FDA conditionally approves first drug for acute onset of pancreatitis in dogs

The Food and Drug Administration announced Nov. 15 that it has granted conditional approval of Panoquell-CA1, or fuzapladib sodium for injection, to Ishihara Sangyo Kaisha Ltd. for the management of clinical signs associated with acute onset of pancreatitis in dogs. Panoquell-CA1 is an injectable drug intended for use while the dog is hospitalized for treatment of the disease.

“This is the first drug to address a serious and life-threatening disease that previously could only be managed through supportive care, such as intravenous fluids, pain medication, anti-emetics, and dietary rest,” said Dr. Steven M. Solomon, director of the FDA Center for Veterinary Medicine, in the announcement. “The conditional approval pathway allows medications like Panoquell-CA1 to reach the marketplace more quickly, and in this case gives dogs suffering from acute onset of pancreatitis earlier access to a drug to manage this disease.”

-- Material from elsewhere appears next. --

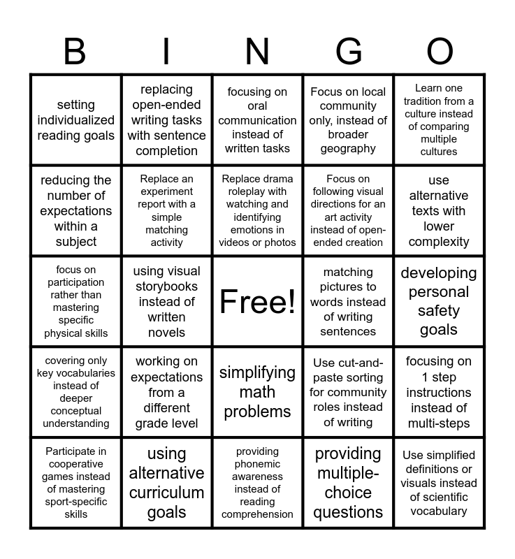 This bingo card has a free space and 24 words: working on expectations from a different grade level, using alternative curriculum goals, Replace drama roleplay with watching and identifying emotions in videos or photos, Participate in cooperative games instead of mastering sport-specific skills, Learn one tradition from a culture instead of comparing multiple cultures, setting individualized reading goals, reducing the number of expectations within a subject, replacing open-ended writing tasks with sentence completion, matching pictures to words instead of writing sentences, simplifying math problems, Focus on following visual directions for an art activity instead of open-ended creation, focus on participation rather than mastering specific physical skills, Use cut-and-paste sorting for community roles instead of writing, focusing on 1 step instructions instead of multi-steps, Replace an experiment report with a simple matching activity, providing multiple-choice questions, developing personal safety goals, focusing on oral communication instead of written tasks, use alternative texts with lower complexity, using visual storybooks instead of written novels, Use simplified definitions or visuals instead of scientific vocabulary, covering only key vocabularies instead of deeper conceptual understanding, Focus on local community only, instead of broader geography and providing phonemic awareness instead of reading comprehension.
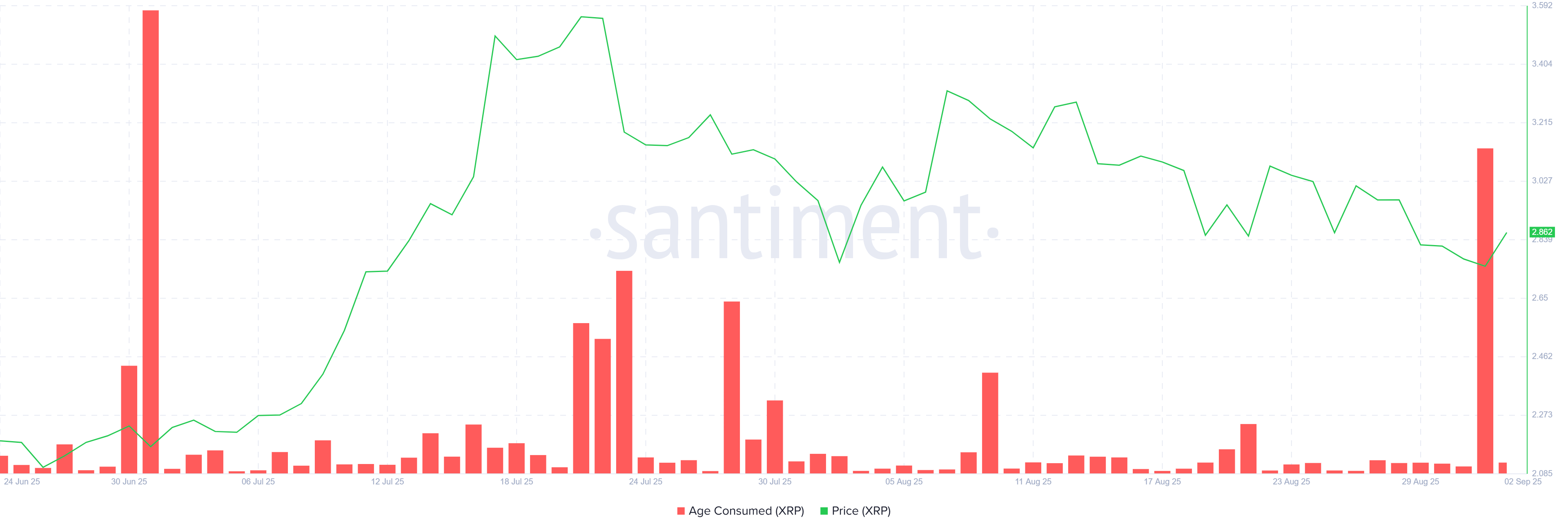 Samaan aikaan pitkäaikaiset haltijat ovat osoittaneet eri asennetta. Ikäkulutustunnusluku, joka seuraa lepotilassa olevien tokenien liikettä, on noussut jyrkästi. Tämä viittaa siihen, että pitkään pidettyä XRP:tä myydään markkinoille. Nykyinen nousu on suurin yli kahteen kuukauteen, mikä osoittaa merkittävää jakelua.

Conditional approval also means that, when used according to the label, the drug is safe and has a reasonable expectation of effectiveness. The drug sponsor must meet the requirements for substantial evidence of effectiveness within five years for full approval.

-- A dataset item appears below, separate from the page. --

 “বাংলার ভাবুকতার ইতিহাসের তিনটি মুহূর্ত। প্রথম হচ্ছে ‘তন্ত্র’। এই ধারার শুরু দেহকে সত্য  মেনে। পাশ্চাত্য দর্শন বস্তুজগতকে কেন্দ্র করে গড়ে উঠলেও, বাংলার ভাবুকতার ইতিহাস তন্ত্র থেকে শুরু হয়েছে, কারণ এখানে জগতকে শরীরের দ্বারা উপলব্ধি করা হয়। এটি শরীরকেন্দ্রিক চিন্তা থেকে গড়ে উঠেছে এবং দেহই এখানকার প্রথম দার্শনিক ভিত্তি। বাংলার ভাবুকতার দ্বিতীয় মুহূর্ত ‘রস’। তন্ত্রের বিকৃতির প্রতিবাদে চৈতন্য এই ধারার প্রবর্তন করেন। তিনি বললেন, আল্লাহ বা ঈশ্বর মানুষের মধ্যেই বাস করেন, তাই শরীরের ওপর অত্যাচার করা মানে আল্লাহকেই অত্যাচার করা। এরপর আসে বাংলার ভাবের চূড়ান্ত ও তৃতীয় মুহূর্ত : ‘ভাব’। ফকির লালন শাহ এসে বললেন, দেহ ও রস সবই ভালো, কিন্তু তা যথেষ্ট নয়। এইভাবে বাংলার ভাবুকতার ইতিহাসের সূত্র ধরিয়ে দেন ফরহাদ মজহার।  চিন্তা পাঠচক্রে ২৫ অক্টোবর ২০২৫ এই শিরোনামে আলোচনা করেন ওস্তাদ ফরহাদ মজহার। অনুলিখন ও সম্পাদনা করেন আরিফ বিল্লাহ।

Fuzapladib sodium, the active ingredient in Panoquell, has been approved since 2018 in Japan to improve clinical signs in the acute phase of pancreatitis in dogs. The FDA reviewed data associated with fuzapladib’s use in Japan as part of its assessment of the application for conditional approval.

Among the possible adverse effects are loss of appetite, digestive tract disorders, respiratory tract disorders, liver disease, and jaundice.